▸ **WHAT TO DO**: Up to and including the line holding "ビオラの寄せ植えに仕込んだチューリップの球根が開花!", write out the data exactly from its first line, but not the pictures.

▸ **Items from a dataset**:

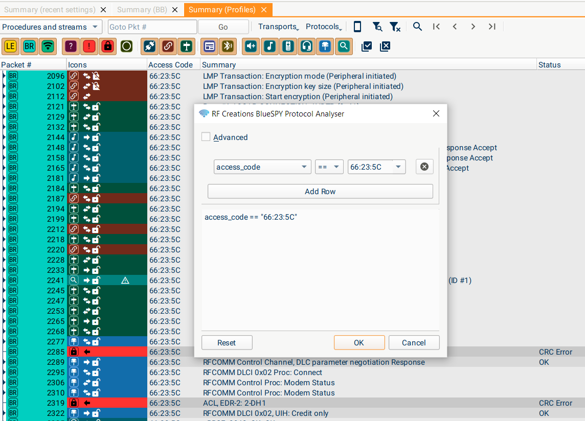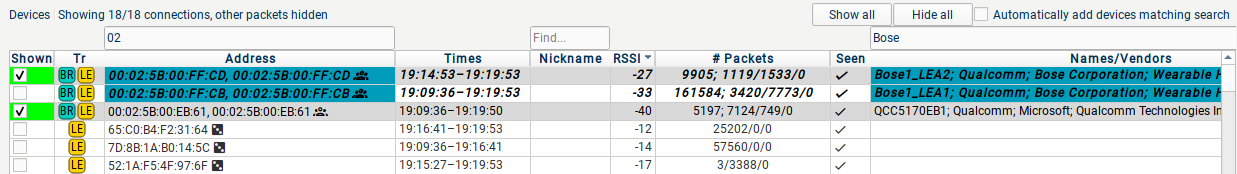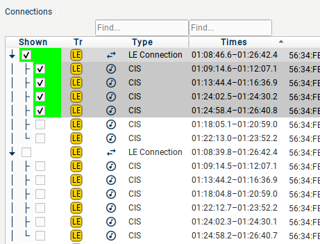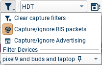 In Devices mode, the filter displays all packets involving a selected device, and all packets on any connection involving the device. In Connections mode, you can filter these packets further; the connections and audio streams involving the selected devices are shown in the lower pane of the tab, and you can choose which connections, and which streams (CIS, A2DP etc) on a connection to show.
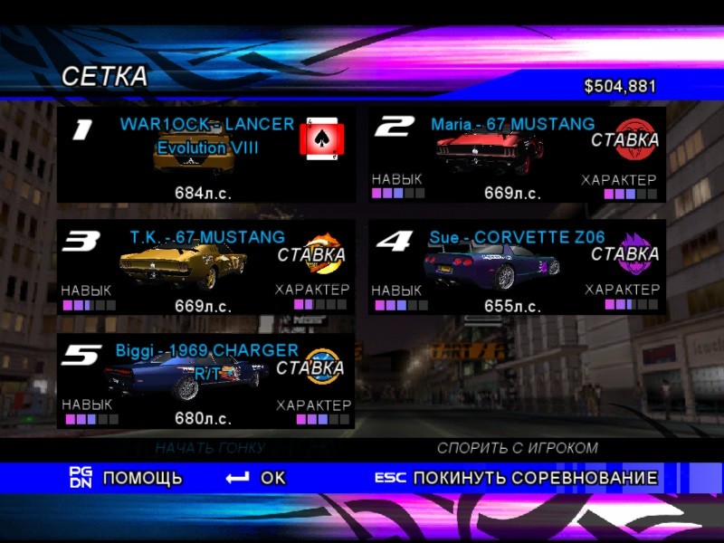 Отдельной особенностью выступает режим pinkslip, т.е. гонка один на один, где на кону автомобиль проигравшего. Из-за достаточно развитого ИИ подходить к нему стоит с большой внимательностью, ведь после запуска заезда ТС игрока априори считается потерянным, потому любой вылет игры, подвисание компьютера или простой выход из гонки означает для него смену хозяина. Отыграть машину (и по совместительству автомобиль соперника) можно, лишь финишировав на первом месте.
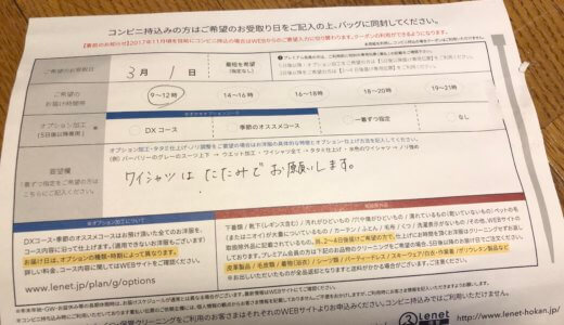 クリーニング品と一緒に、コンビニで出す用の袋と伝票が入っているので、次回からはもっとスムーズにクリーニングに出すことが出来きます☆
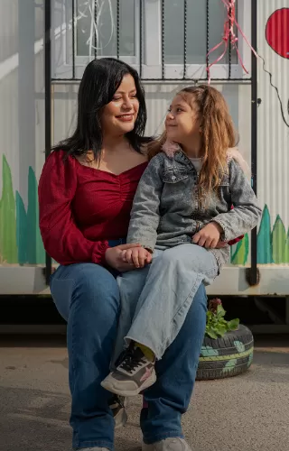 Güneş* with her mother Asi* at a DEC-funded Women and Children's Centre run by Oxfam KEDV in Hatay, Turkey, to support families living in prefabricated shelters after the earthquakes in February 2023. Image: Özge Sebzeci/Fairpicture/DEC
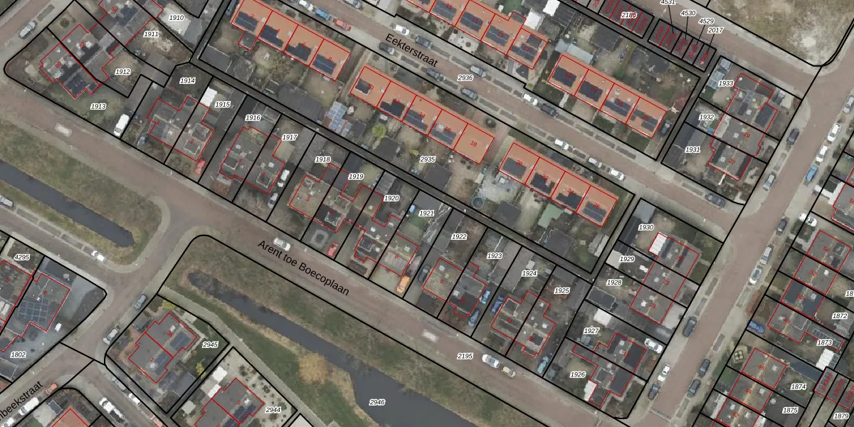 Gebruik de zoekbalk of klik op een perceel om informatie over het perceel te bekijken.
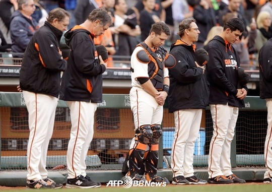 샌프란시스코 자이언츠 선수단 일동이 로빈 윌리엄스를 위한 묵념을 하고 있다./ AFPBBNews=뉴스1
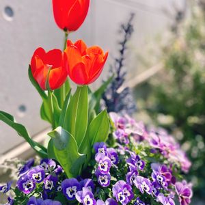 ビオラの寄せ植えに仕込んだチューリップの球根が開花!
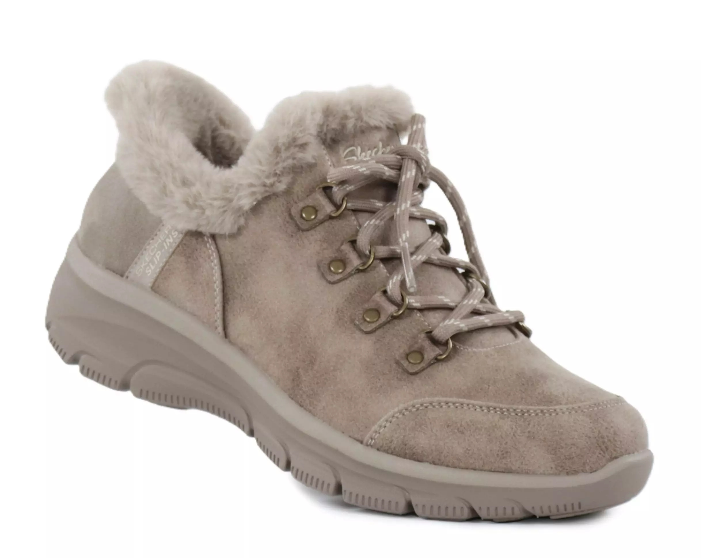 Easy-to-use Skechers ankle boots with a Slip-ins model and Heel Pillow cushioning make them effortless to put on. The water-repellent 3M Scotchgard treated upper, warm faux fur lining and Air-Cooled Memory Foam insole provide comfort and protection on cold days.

▸ **EXPECTED ANSWER**:
 In Devices mode, the filter displays all packets involving a selected device, and all packets on any connection involving the device. In Connections mode, you can filter these packets further; the connections and audio streams involving the selected devices are shown in the lower pane of the tab, and you can choose which connections, and which streams (CIS, A2DP etc) on a connection to show.
 Отдельной особенностью выступает режим pinkslip, т.е. гонка один на один, где на кону автомобиль проигравшего. Из-за достаточно развитого ИИ подходить к нему стоит с большой внимательностью, ведь после запуска заезда ТС игрока априори считается потерянным, потому любой вылет игры, подвисание компьютера или простой выход из гонки означает для него смену хозяина. Отыграть машину (и по совместительству автомобиль соперника) можно, лишь финишировав на первом месте.
 クリーニング品と一緒に、コンビニで出す用の袋と伝票が入っているので、次回からはもっとスムーズにクリーニングに出すことが出来きます☆
 Güneş* with her mother Asi* at a DEC-funded Women and Children's Centre run by Oxfam KEDV in Hatay, Turkey, to support families living in prefabricated shelters after the earthquakes in February 2023. Image: Özge Sebzeci/Fairpicture/DEC
 Gebruik de zoekbalk of klik op een perceel om informatie over het perceel te bekijken.
 샌프란시스코 자이언츠 선수단 일동이 로빈 윌리엄스를 위한 묵념을 하고 있다./ AFPBBNews=뉴스1
 ビオラの寄せ植えに仕込んだチューリップの球根が開花!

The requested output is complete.